Finnair has announced it is launching a new business class service concept with a Nordic flair. The airline will update its cabin interiors on the A350, as well as offering a wider range of dining and wine options, served on-demand.
As part of its new concept, Finnair will introduce the classic Finnish tradition “Kahvikutsut” – a coffee served with seven different treats – on long-haul morning flights departing from Asia. The new coffee service allows guests to sit back and enjoy traditional Finnish treats like Carelian pies, cinnamon buns, coffee cake and traditional Finnish chocolates between the two meal services.
Passengers will be able to experience the new business class concept from February February 7, 2018, on business flights to Seoul, Tokyo and Shanghai, with a gradual roll-out of the remaining long-haul destinations during the spring and summer.
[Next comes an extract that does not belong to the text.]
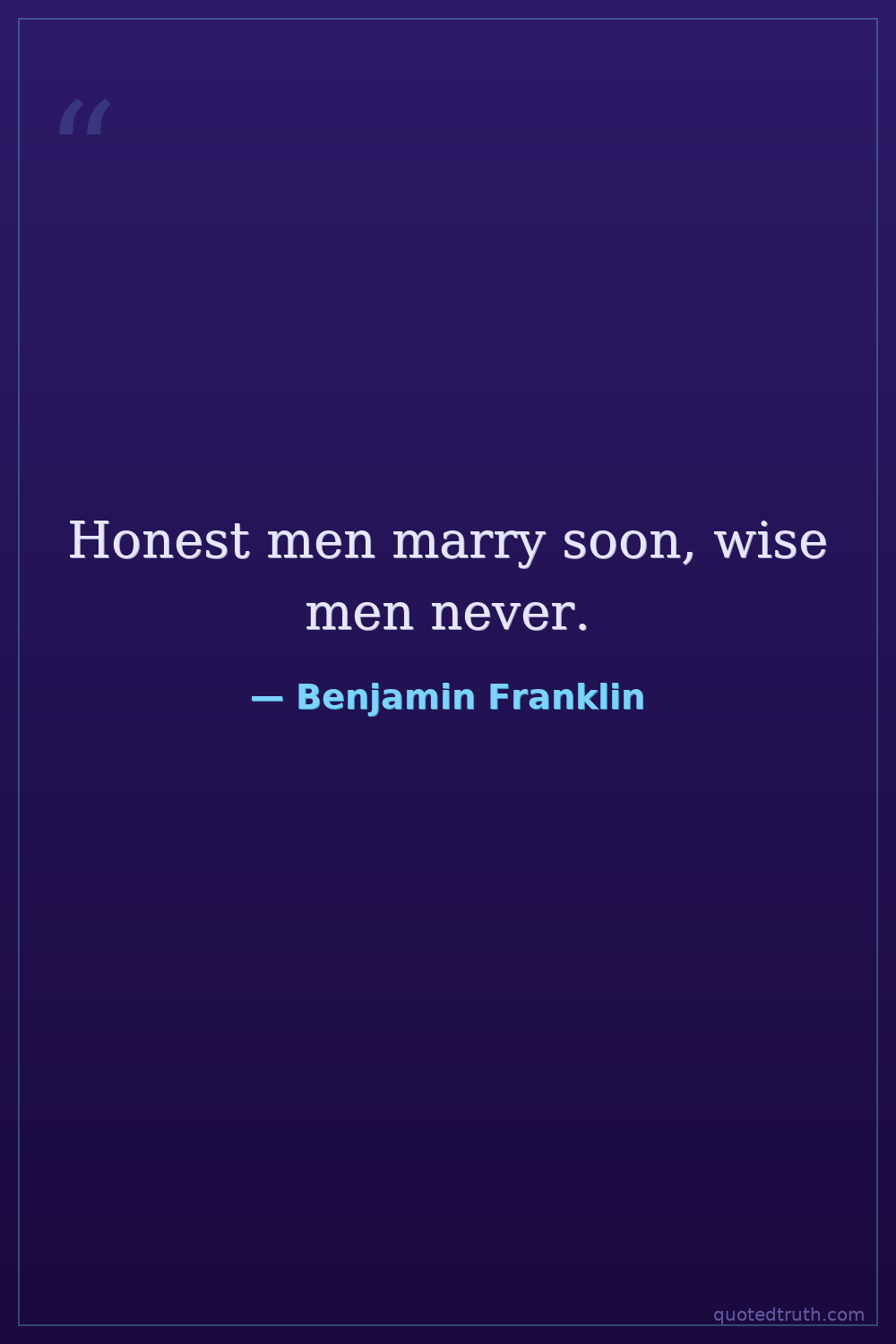 Honest men marry soon, wise men never.

The cabin interior of Finnair A350 aircraft will also be updated with new cabin textiles and amenities, including new simple and stylish seat covers, and pillows, blankets and chinaware with prints from the iconic Finnish design house Marimekko. The interior will have a fresh and modern aesthetic inspired my Nordic homes and landscapes, designed to soothe the senses and clear the mind.
Piia Karhu, Senior Vice President of Customer Experience at Finnair, says:
“More than ever, our Business Class customers enjoy the opportunity to customize their travel and dining experience. Our objective is to create an unspoken bond with our guests, every time they fly. We have dedicated cabin crew personnel for business class passengers, providing a more individual service, with the aim of setting new standards for comfort and overall well-being onboard Finnair flights.”
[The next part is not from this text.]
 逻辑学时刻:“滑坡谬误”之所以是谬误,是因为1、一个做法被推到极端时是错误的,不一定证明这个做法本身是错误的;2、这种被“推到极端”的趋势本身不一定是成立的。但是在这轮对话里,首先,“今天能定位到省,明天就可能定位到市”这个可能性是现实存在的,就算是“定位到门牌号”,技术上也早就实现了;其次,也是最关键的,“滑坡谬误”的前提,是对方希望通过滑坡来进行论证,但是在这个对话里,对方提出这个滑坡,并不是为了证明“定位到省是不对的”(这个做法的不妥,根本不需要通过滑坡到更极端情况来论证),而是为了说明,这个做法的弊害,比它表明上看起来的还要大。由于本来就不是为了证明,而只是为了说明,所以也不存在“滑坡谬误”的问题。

A new Swedish signature chef
Finnair has been working with top Finnish chefs since 2013 and the airline has now partnered with Swedish top chef Tommy Myllymäki to create its signature business class menus. Tommy Myllymäki has been nominated chef of the year in Sweden, is the creative director for five Stockholm restaurants and has represented Sweden with great success in the prestigious Bocuse d’Or competition.
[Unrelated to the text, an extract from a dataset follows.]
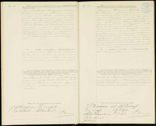 No. 12. Heden veertien Januari negentienhonderd veertien zijn voor mij Ambtenaar van den burgerlijken stand van Amsterdam verschenen, ten einde een huwelijk aan te gaan: Jan Norbertus Knoppert, letterzetter geboren in de gemeente Diemen, wonende in de gemeente Schoten, oud zesendertig jaren meerderjarige zoon van Aart Knop pert en Teuntje de Vries beiden overleden weduwnaar van Alida Timmer, en Alida Geertruida Bosland, zonder be roep, geboren in de gemeente Vinkeveen en Waverveen wonende alhier, oud vijf en dertig jaren meerderjarige dochter an Dirk Johannes Bosland, werkman, wo„ nende alhier, en Janna Weerdenburg, over leden De afkondiging — tot dit huwelijk is onverhinderd geschied, alhier en in de gemeente Schoten, den derden dezer De bruidegom verklaarde mij de identi¬ teit van zijne vorige echtgenoote wegen naamsverschil in de overgelegde stukken Ik heb bruidegom en bruid afgevraagd of zij elkander nemen tot echtgenooten en getrouwelijk alle de plichten zullen vervullen, welke door de wet aan den huwelijken stad verbonden zijn. Nadat deze vragen door hen bevestigend beantwoord werden, heb ik, in naar der wet, uitspraak gedaan, dat zij door het huwelijk aan elkander zijn verbonden. Als getuigen waren tegenwoordig: Tok Knoppert, broeder des echtgenoots, werkman, oud achtendertig jaren, wonende te Ouder. Amstel, en Dirk Johannes Bosland, vader der echtgenoote werkman oud drieënzestig jaren wonen„ de alhier. Waarvan akte, welke overeenkomstig de wet is voorgelezen. No. 13. Heden vertien Januari negentienhonderd veertien zijn voor mij Ambtenaar van den burgerlijken stand van Amsterdam verschenen, ten einde een huwelijk aan te gaan: Johannes Philippus Hubertus ter Laare, pakhuisknecht geboren en wonende alhier, oud eenentwintig ja„ ren, meerderjarige zoon van Abraham Johannes ter Laare oud zesenveertig ja„ ren. — werkman, en Maria Magdalena Anink oud zevenenveertig jaren zonder beroep, beiden wonende alhier, en Susanna Ledina Wassili, zonder beroep, geboren en wonende alhier, oud een en twintig jaren meerderjarige dochter van Johannes Antonius Hassili oud twee en vijftig jaren, werkman en Anna Maria Bedort, oud zesenveertig jaren zonder beroep, beiden wonende alhier. Beider ouders verklaarden voor mij tegenwoordig toe te stem„ men in dezen echt. De afkondiging — tot dit huwelijk 2s onverhinderd geschied, alhier den derden dezer Ik heb bruidegom en bruid afgevraagd of zij elkander nemen tot echtgenooten en getrouwelijk alle de plichten zullen vervullen, welke door de wet aan den huwelijken staat verbonden zijn. Nadat deze vragen door hen bevestigend beantwoord werden, heb ik, in naam der wet, uitspraak gedaan, dat zij door het huwelijk aan elkander zijn verbonden. als getuigen waren tegenwoordig: Casper Josephus Wassilo broeder der echtgenoote werkman, oud vijf en twintig jaren, en Franciscus Johannes Anken, werkman, oud vierentwintig jaren beiden wonende alhier Waarvan akte, welke over de wet is voorgelezen. F. Knoppert J. N. Knoppert A G Bosland DJ Bos Sand Brever

His winter menu will be served from February 7th on all Finnair long-haul flights departing from Helsinki, with dishes including Jerusalem artichoke with cep mushrooms and pear, and braised ox with celeriac and kale. The summer menu will have more emphasis on seasonal, crisp fresh vegetables to celebrate the freshness of the Nordic summer.
Tommy Myllymäki, said: “Seasonality is key for me, and I want to bring more vegetables, freshness and different textures to the meals on board.”